Work required: Among the lines below, keep only those from the one containing "Smoke Swirl Sh" through the one containing "Интерьер стильного дома", and reproduce them exactly.

Provided records:
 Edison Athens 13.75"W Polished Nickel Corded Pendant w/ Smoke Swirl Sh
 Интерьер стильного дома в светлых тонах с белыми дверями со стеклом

...

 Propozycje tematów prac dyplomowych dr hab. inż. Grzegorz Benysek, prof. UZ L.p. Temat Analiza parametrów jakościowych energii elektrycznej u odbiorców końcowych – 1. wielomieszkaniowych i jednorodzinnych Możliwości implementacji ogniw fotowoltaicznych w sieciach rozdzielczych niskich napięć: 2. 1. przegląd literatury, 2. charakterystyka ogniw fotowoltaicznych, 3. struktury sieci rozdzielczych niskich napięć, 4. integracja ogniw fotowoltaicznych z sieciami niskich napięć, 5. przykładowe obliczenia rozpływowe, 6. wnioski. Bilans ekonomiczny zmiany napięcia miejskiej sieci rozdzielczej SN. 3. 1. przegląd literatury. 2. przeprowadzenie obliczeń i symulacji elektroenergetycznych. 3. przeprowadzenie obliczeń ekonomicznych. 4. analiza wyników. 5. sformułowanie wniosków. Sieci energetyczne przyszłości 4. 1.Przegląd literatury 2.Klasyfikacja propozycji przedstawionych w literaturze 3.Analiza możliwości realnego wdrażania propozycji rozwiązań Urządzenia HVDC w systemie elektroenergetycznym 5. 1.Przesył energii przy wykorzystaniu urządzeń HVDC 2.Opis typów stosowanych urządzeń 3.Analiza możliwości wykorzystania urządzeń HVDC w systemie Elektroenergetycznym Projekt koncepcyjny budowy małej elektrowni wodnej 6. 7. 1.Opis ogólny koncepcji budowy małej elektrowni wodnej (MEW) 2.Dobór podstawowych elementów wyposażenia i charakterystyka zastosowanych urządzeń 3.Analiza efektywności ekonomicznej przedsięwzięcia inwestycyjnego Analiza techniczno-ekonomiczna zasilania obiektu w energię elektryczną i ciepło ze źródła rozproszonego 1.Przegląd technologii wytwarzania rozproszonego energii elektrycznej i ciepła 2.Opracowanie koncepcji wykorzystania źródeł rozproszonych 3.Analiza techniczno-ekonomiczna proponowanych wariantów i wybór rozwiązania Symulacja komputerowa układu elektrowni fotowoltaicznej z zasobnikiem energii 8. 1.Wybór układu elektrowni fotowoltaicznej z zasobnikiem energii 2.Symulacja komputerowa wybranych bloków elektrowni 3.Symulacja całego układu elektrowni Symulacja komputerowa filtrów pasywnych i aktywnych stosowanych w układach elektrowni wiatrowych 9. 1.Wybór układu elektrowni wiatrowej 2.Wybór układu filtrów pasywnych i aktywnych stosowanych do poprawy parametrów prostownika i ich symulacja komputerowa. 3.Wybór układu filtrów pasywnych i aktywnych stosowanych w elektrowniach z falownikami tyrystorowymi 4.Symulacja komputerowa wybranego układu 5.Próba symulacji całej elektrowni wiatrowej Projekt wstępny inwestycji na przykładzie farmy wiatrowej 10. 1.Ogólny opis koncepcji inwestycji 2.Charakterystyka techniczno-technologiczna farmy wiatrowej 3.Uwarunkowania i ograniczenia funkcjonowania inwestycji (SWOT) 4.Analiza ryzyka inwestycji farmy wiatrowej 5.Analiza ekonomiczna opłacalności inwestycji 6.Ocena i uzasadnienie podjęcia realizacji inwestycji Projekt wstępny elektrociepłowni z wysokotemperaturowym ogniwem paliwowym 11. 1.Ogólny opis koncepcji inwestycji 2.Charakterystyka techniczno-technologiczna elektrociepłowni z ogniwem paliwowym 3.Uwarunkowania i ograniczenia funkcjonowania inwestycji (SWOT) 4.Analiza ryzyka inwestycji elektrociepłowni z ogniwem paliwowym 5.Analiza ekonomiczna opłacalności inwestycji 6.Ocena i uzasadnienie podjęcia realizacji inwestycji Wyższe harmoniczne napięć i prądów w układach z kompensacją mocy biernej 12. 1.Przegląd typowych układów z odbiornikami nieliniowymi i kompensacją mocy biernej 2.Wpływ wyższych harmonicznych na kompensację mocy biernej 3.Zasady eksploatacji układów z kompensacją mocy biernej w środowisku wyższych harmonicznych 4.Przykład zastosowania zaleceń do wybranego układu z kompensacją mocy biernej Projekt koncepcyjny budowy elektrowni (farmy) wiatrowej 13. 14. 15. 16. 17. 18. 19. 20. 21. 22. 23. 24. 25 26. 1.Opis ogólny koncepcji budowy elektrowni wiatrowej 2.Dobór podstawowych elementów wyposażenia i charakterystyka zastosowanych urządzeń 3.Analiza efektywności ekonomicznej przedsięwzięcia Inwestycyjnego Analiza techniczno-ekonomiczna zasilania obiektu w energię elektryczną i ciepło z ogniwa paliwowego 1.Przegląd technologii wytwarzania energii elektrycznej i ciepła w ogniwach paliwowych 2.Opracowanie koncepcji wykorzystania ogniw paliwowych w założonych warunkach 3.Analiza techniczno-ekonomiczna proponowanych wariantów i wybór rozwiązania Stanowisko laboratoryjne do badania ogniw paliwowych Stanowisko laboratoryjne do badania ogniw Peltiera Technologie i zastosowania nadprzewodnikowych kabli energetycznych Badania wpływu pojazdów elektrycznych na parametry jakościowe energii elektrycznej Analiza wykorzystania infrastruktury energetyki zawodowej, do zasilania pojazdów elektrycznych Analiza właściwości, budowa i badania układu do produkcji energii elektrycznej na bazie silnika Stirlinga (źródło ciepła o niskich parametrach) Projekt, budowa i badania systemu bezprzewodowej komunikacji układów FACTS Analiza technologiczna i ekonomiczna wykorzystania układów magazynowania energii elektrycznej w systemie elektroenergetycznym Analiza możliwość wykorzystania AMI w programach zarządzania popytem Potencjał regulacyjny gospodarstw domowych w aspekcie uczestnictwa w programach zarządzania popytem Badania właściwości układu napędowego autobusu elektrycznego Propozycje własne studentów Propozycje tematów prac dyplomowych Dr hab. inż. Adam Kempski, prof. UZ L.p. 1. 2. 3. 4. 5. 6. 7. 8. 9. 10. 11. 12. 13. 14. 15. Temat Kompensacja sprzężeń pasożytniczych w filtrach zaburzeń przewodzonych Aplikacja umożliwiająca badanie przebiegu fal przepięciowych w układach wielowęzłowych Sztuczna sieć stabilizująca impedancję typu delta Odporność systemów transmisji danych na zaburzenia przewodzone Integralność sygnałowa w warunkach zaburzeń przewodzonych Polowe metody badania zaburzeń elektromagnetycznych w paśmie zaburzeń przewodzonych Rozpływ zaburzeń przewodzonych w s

Output below:
 Edison Athens 13.75"W Polished Nickel Corded Pendant w/ Smoke Swirl Sh
 Интерьер стильного дома в светлых тонах с белыми дверями со стеклом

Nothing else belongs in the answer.